**ASSIGNMENT**
The entries below should be set down again exactly, with every picture left out.

**EXTRACTED MATERIAL**
#####
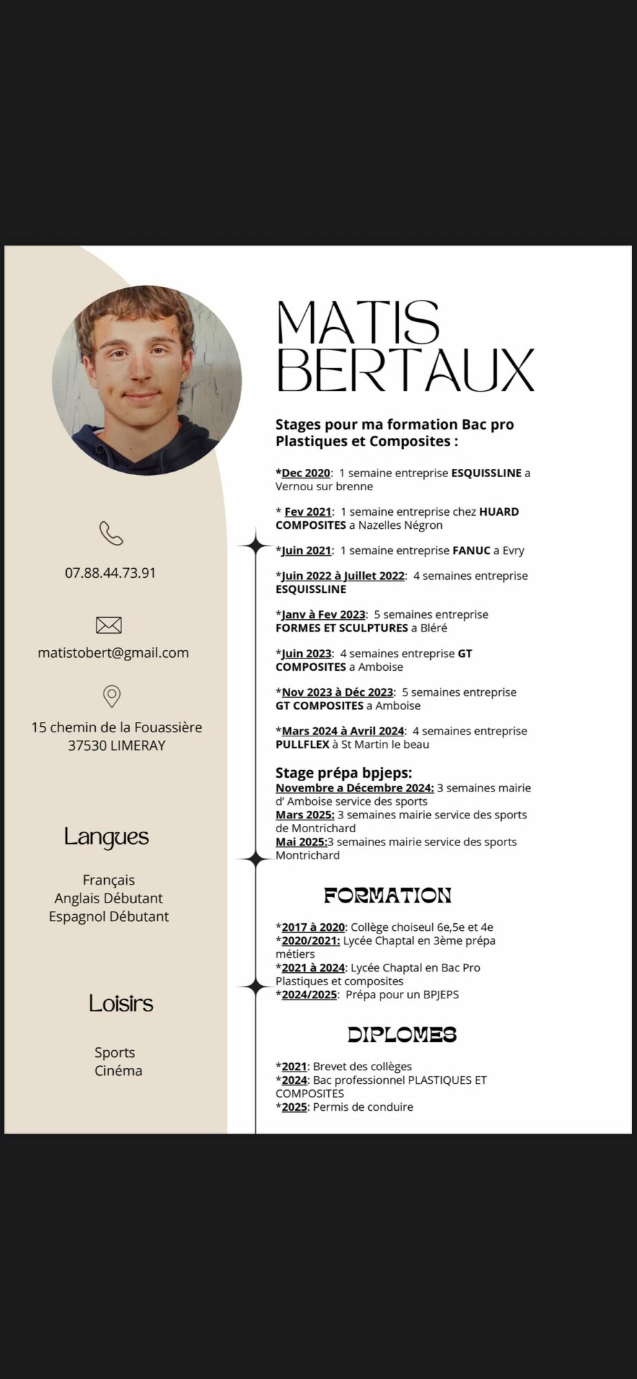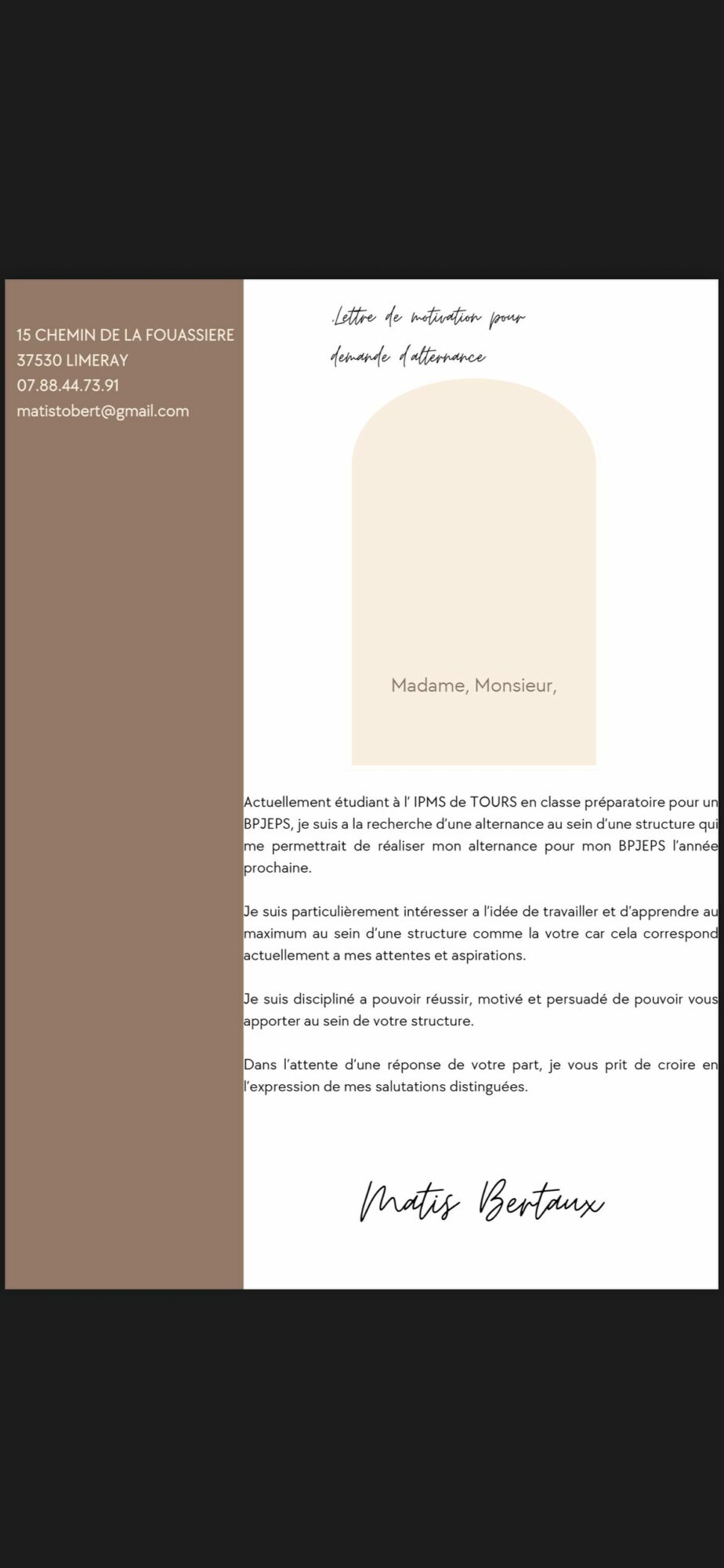 Candidature Matis Bertaux : Alternance BPJES
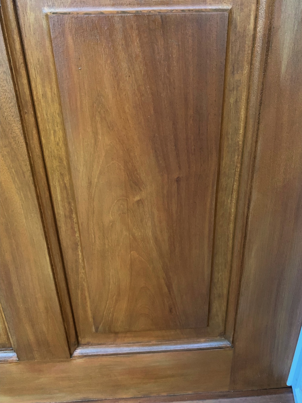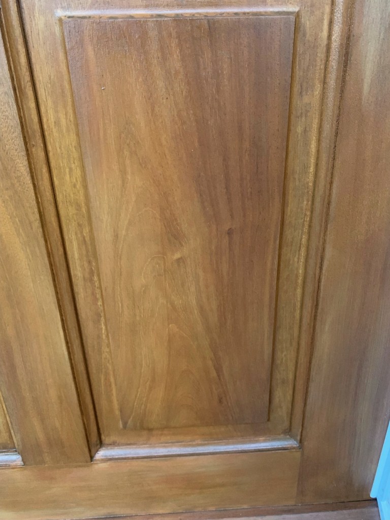 Being a 36 inch wide door a replacement of similar design would be in the region of £1000. After removing the various bits attached to the door, a thorough sanding and finishing with 3 coats of light Oak Satin varnish the end result looks very presentable.
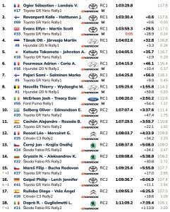 Ott Tänak se mantuvo cuarto con su Hyundai i20 N, a 1,5 segundos de Evans, mientras que Takamoto Katsuta se situó a solo 2,4 segundos en quinto lugar. Toyota ocupa ahora cuatro de los cinco primeros puestos y puede asegurar el campeonato de constructores este fin de semana si Hyundai no logra superarlo por seis puntos.
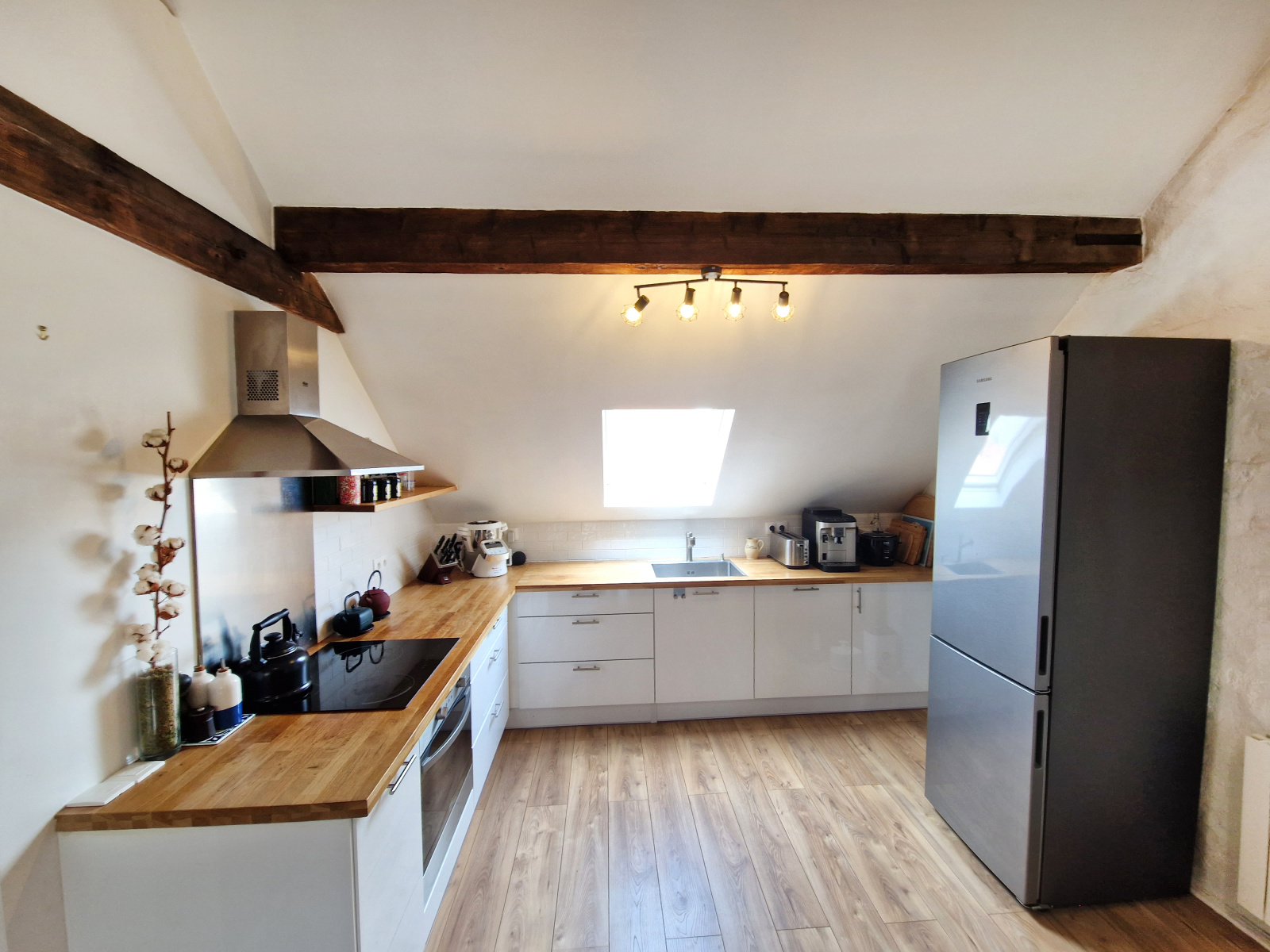 Vous apprécierez le confort et la luminosité du séjour traversant, de sa cuisine entièrement équipée aux tendances actuelles. La pièce de vie en toit cathédrale offre un beau volume aéré et spacieux. Une petite mezzanine ouverte sur le séjour vous propose un petit coin cosy pour la détente et la lecture, pouvant être aménagé en couchage d'appoint.
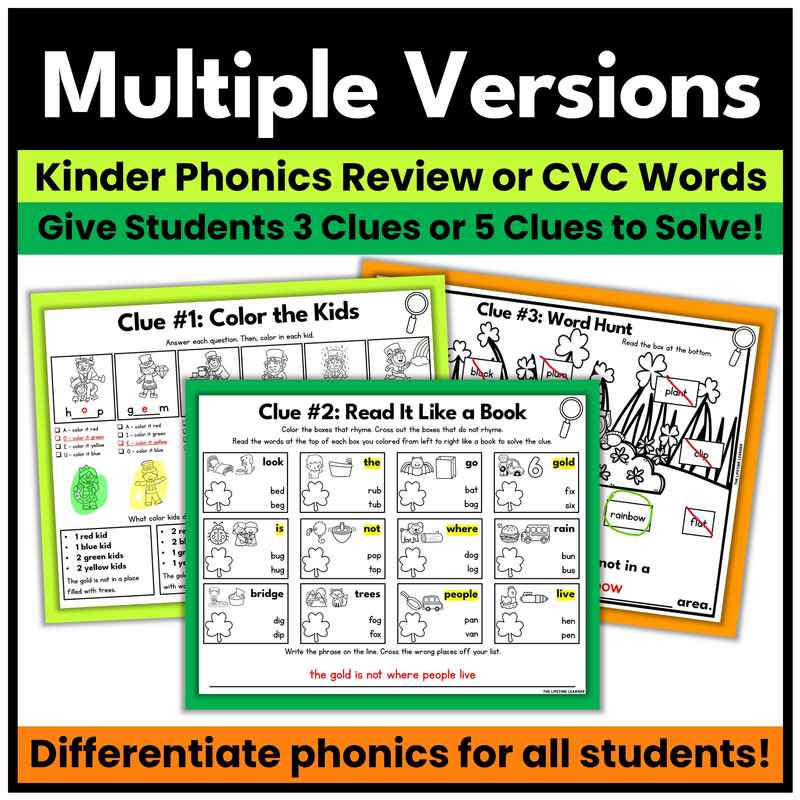 The St. Patrick’s Day kindergarten phonics worksheets (aka clues!) focus on:
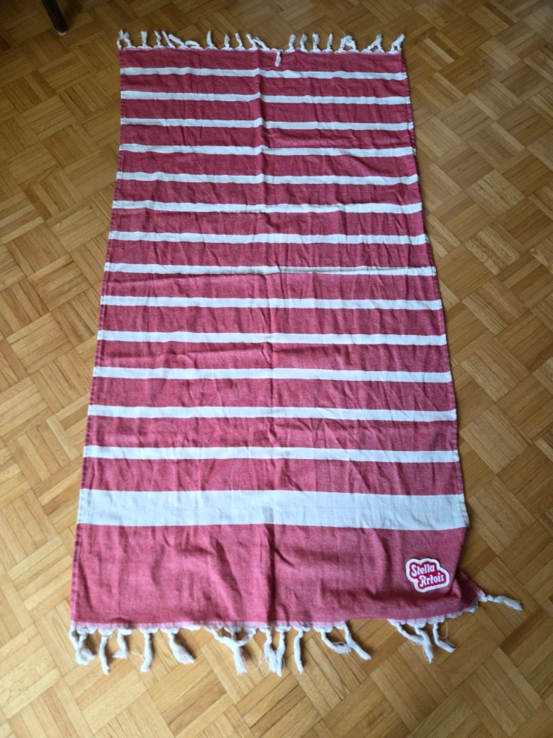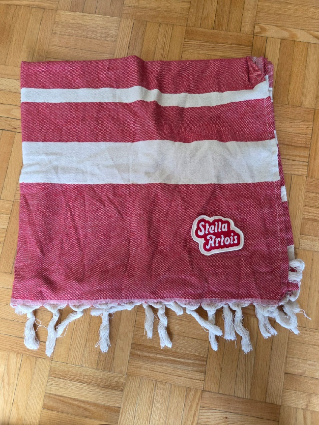 Selling 2 Stella Artois beach towel in red and white! They are in great shape (only used once) and perfect for summer days at the beach or by the pool. The towel features the Stella Artois logo and a fringed edge.
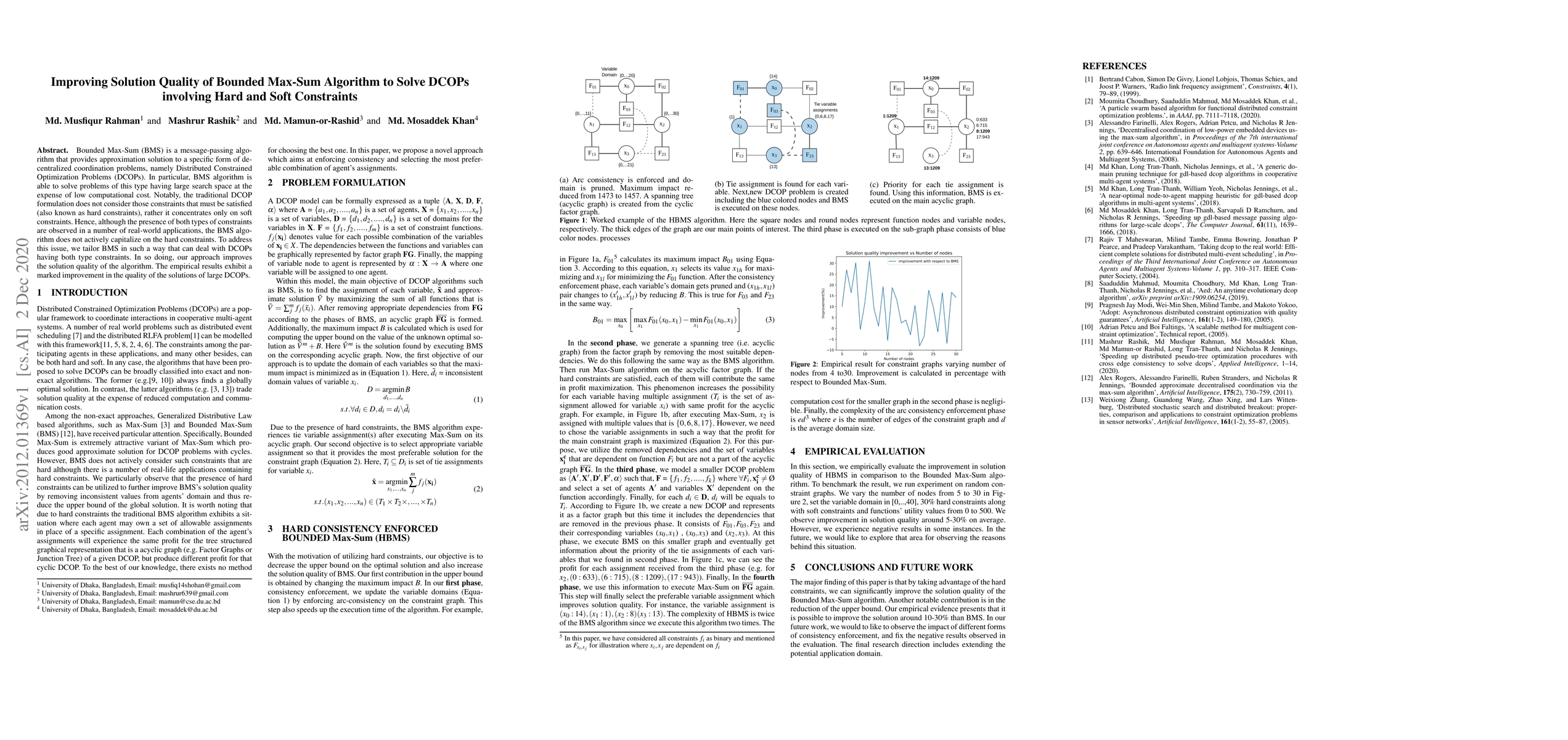 A research paper improves the solution quality of the Bounded Max-Sum algorithm to solve Distributed Constrained Optimization Problems (DCOPs) with both hard and soft constraints, achieving better results for large problems.
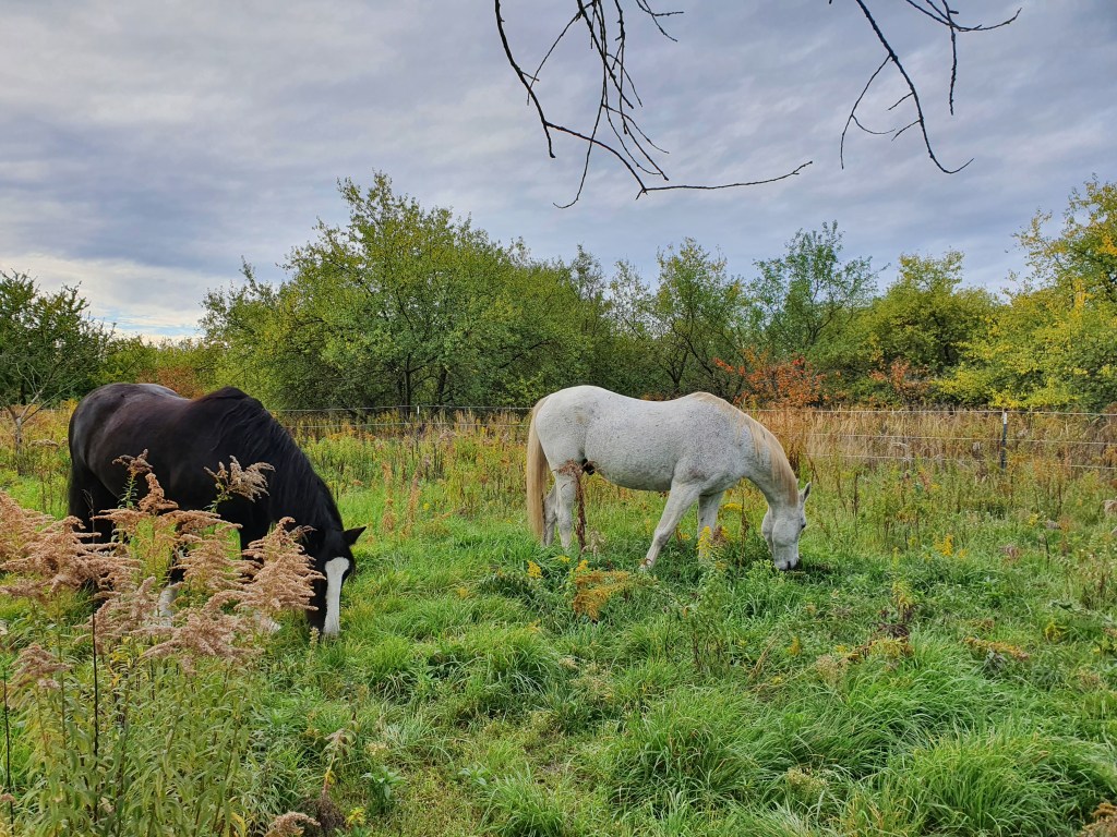 Wir sind eine kleine Haltergemeinschaft mit zwei Fjällrindern und sieben Pferden. Unser Ziel ist eine artgerechte Pferdehaltung mit der Förderung von Artenvielfalt zu verbinden. Dazu gehöhren unter anderem die Mischbeweidung mit Rindern, selektive Entwurmung, der Verzicht auf Chemie, Mineraldünger und die Förderung von Strukturvielfalt beispielsweise in Form von aufkommenden Gehölzen auf den Weideflächen.
#####
**YOUR SOLUTION**
 Candidature Matis Bertaux : Alternance BPJES
 Being a 36 inch wide door a replacement of similar design would be in the region of £1000. After removing the various bits attached to the door, a thorough sanding and finishing with 3 coats of light Oak Satin varnish the end result looks very presentable.
 Ott Tänak se mantuvo cuarto con su Hyundai i20 N, a 1,5 segundos de Evans, mientras que Takamoto Katsuta se situó a solo 2,4 segundos en quinto lugar. Toyota ocupa ahora cuatro de los cinco primeros puestos y puede asegurar el campeonato de constructores este fin de semana si Hyundai no logra superarlo por seis puntos.
 Vous apprécierez le confort et la luminosité du séjour traversant, de sa cuisine entièrement équipée aux tendances actuelles. La pièce de vie en toit cathédrale offre un beau volume aéré et spacieux. Une petite mezzanine ouverte sur le séjour vous propose un petit coin cosy pour la détente et la lecture, pouvant être aménagé en couchage d'appoint.
 The St. Patrick’s Day kindergarten phonics worksheets (aka clues!) focus on:
 Selling 2 Stella Artois beach towel in red and white! They are in great shape (only used once) and perfect for summer days at the beach or by the pool. The towel features the Stella Artois logo and a fringed edge.
 A research paper improves the solution quality of the Bounded Max-Sum algorithm to solve Distributed Constrained Optimization Problems (DCOPs) with both hard and soft constraints, achieving better results for large problems.
 Wir sind eine kleine Haltergemeinschaft mit zwei Fjällrindern und sieben Pferden. Unser Ziel ist eine artgerechte Pferdehaltung mit der Förderung von Artenvielfalt zu verbinden. Dazu gehöhren unter anderem die Mischbeweidung mit Rindern, selektive Entwurmung, der Verzicht auf Chemie, Mineraldünger und die Förderung von Strukturvielfalt beispielsweise in Form von aufkommenden Gehölzen auf den Weideflächen.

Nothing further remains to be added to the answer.